Enrichment in postpartum LS for autism, and other mental health disorders
The compelling enrichment of autism-associated genes found in expression changes of the postpartum LS (Figure 1) is, to our knowledge, the first demonstration of a genetic link between the maternal brain and pathways involved in autism. The discovery of enrichment in postpartum LS for several mood/social disorders (Figure 2) suggests that the phenotypic consequence of LS gene changes in the transition to motherhood possesses a significant behavioral and emotional component. Because the mother-infant relationship is the first and foremost social bond formed in mammals, it has been suggested that the genetic and neural networks underlying sociability in this ancestral event might serve as an evolutionary template from which sociability in other contexts is derived . Our data indirectly support this concept on a large-scale genetic level. While autism rates are higher in males , it could be the conserved use of the same core genes for sociability that provides the connection between autism and the maternal brain. Furthermore, the severity of autism symptoms is often described as spectral, rather than binary. It is therefore plausible that subtle dysregulation of genes which are naturally modulated in the control of sociability, such as in the transition to motherhood, would more likely contribute to this observed phenomenon than would rarer gain-of-function or loss-of-function mutations.

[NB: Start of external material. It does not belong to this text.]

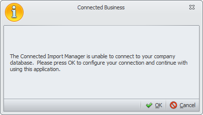 If no configuration is made and you decided to just go ahead and run the Import Manager, a message prompt will be displayed indicating that the application is unable to connect to your company database. Click OK to load the configuration tool or click Cancel to close the Import Manager window.
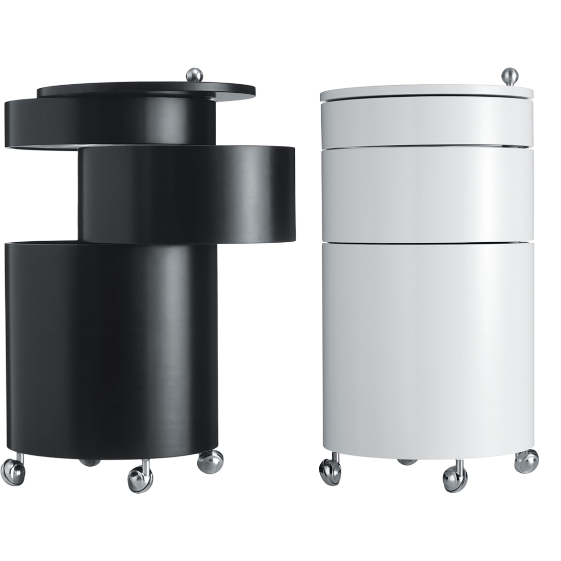 Barboy is a mobile storage piece produced in moulded wood and comprising four cylindrical parts. Two of the elements swing out to function as tables. Verner Panton designed Bar Boy in 1963 when he was living in Basel, Switzerland. During this period, Pant

Table 1 presents 36 of the 160 autism-associated genes that MSET identified in the postpartum LS, as well as the number of autism databases in which they are featured. This is presumably a reflection of the strength of their association with autism based on past studies, with consensus genes having the most widely recognized evidence. However, it is not a perfect indicator because it only counts positive association discoveries, and does not consider the existence of any potential contradictory evidence or disagreement. For example, Foxp2, a forkhead/winged helix (FOX) transcription factor, is found in seven of the nine autism databases used (Table 1). It is located in a region of chromosome 7q that has been linked to autism in the past , and mutations in Foxp2 cause speech and language acquisition pathologies in humans . However, more recent evidence suggests that the language deficits are more directly related to a developmental impairment of motor brain regions, rather than to social behavior, and several recent reports conclude that Foxp2 does not contribute to autism susceptibility [39–41]. Even if Foxp2 were omitted from significant postpartum LS expression results, the observed enrichment would be highly significant. This illustrates the important point that, although assessing the degree of enrichment using MSET is robust and largely resistant to single gene false positives in upstream databases, caution must be exercised when interpreting the biological importance of individual genes identified by MSET in the testing procedure. Another advantage of MSET is that the user can manually annotate any file, remove genes that are considered to be inappropriate, or even create novel gene lists for testing.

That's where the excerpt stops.